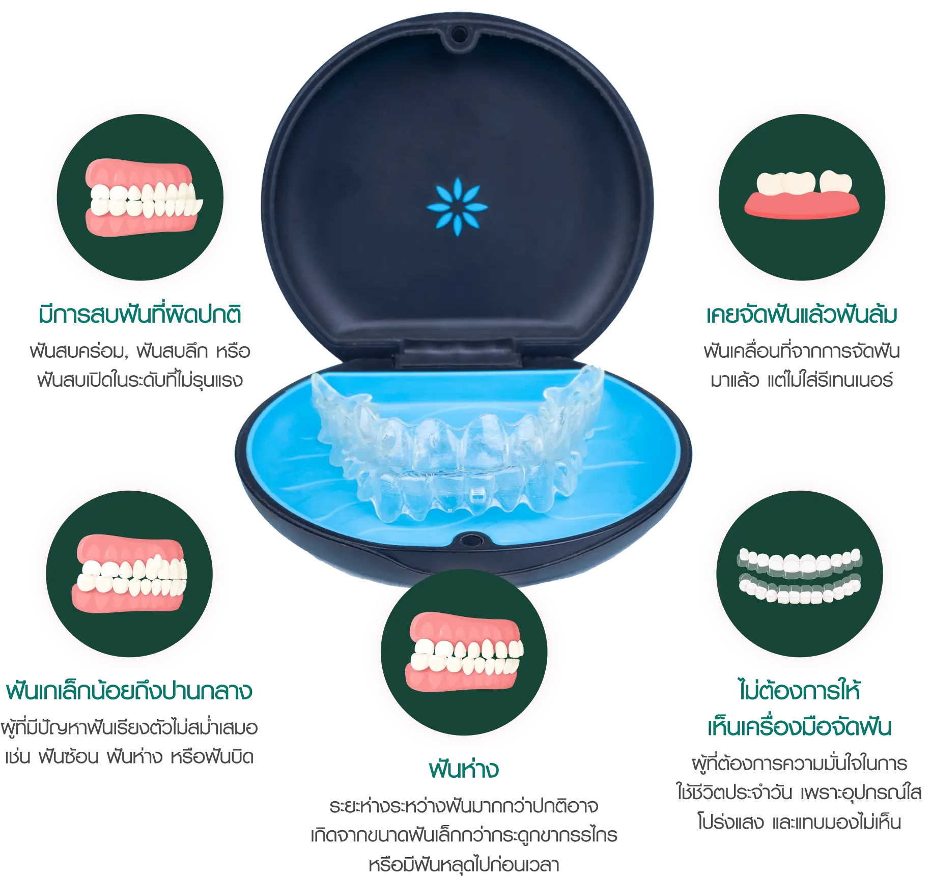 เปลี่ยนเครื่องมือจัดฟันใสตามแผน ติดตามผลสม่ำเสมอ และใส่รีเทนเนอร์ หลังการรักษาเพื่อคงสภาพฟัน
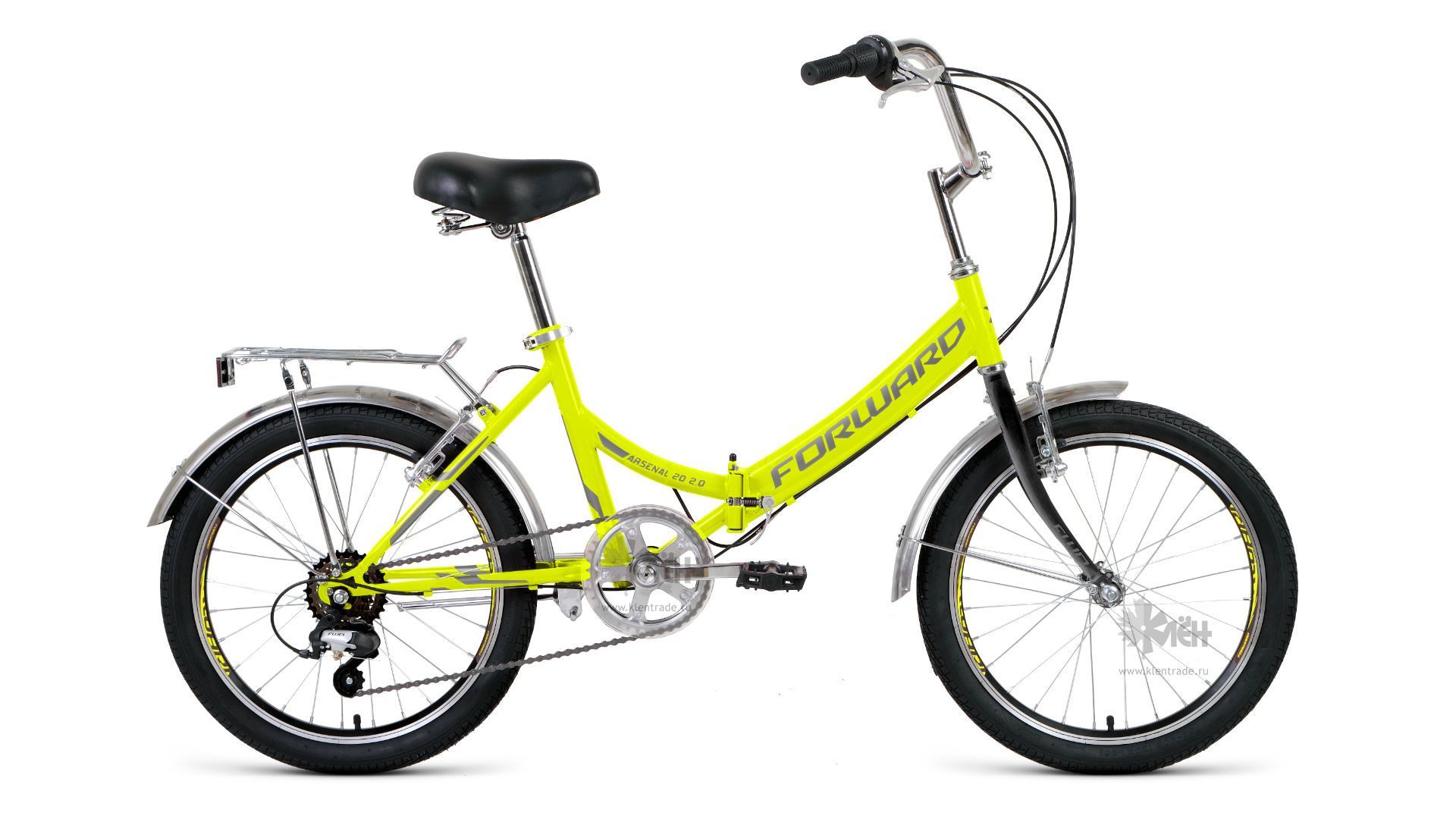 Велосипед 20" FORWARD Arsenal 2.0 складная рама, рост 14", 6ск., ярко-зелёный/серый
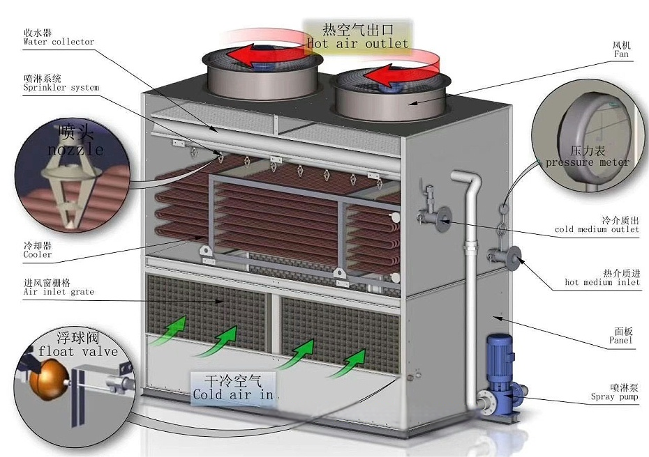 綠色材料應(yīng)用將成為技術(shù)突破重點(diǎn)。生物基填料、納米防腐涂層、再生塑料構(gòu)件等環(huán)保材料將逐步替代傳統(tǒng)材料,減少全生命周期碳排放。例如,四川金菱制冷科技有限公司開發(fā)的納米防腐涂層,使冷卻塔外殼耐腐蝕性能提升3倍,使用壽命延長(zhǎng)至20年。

* * *

Description of the task
Give back the material above exactly, with each picture removed.

Output for this task
 เปลี่ยนเครื่องมือจัดฟันใสตามแผน ติดตามผลสม่ำเสมอ และใส่รีเทนเนอร์ หลังการรักษาเพื่อคงสภาพฟัน
 Велосипед 20" FORWARD Arsenal 2.0 складная рама, рост 14", 6ск., ярко-зелёный/серый
 綠色材料應(yīng)用將成為技術(shù)突破重點(diǎn)。生物基填料、納米防腐涂層、再生塑料構(gòu)件等環(huán)保材料將逐步替代傳統(tǒng)材料,減少全生命周期碳排放。例如,四川金菱制冷科技有限公司開發(fā)的納米防腐涂層,使冷卻塔外殼耐腐蝕性能提升3倍,使用壽命延長(zhǎng)至20年。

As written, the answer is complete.